DIRECTIONS: Wherever a picture appears in the listing below, leave it out and reproduce the rest exactly.

GIVEN INFORMATION:
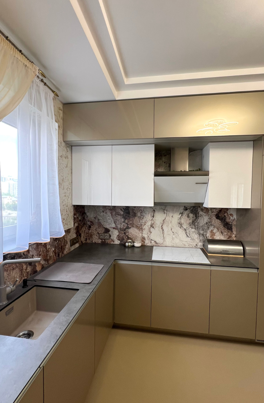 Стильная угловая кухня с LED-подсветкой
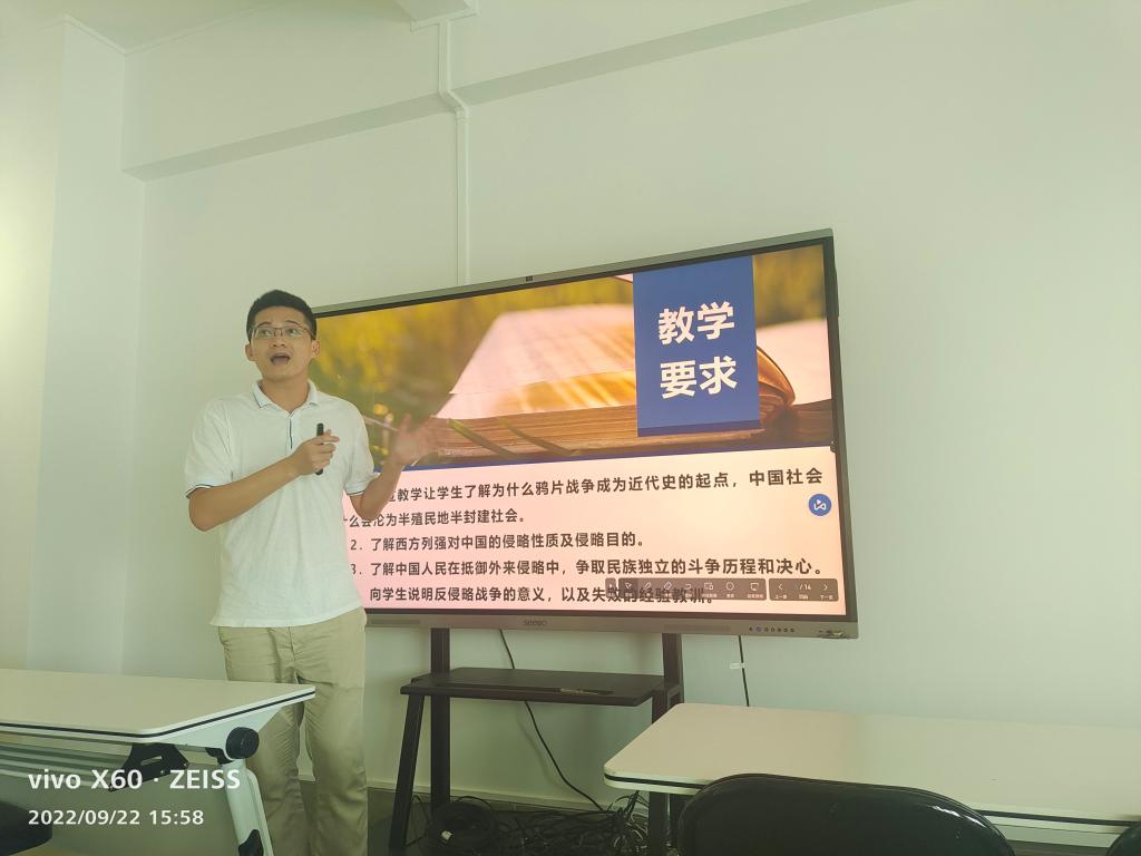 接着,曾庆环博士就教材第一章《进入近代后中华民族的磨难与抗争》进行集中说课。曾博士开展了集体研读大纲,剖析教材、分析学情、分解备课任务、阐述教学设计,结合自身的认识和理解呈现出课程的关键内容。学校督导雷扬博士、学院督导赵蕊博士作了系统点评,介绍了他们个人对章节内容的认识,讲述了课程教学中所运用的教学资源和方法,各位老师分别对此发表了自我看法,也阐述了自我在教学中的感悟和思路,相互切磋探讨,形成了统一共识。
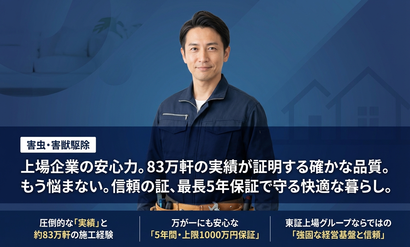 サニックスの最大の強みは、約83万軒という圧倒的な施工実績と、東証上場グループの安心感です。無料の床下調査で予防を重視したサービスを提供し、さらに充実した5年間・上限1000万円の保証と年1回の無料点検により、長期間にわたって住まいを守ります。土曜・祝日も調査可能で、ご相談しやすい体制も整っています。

EXERCISE ANSWER:
 Стильная угловая кухня с LED-подсветкой
 接着,曾庆环博士就教材第一章《进入近代后中华民族的磨难与抗争》进行集中说课。曾博士开展了集体研读大纲,剖析教材、分析学情、分解备课任务、阐述教学设计,结合自身的认识和理解呈现出课程的关键内容。学校督导雷扬博士、学院督导赵蕊博士作了系统点评,介绍了他们个人对章节内容的认识,讲述了课程教学中所运用的教学资源和方法,各位老师分别对此发表了自我看法,也阐述了自我在教学中的感悟和思路,相互切磋探讨,形成了统一共识。
 サニックスの最大の強みは、約83万軒という圧倒的な施工実績と、東証上場グループの安心感です。無料の床下調査で予防を重視したサービスを提供し、さらに充実した5年間・上限1000万円の保証と年1回の無料点検により、長期間にわたって住まいを守ります。土曜・祝日も調査可能で、ご相談しやすい体制も整っています。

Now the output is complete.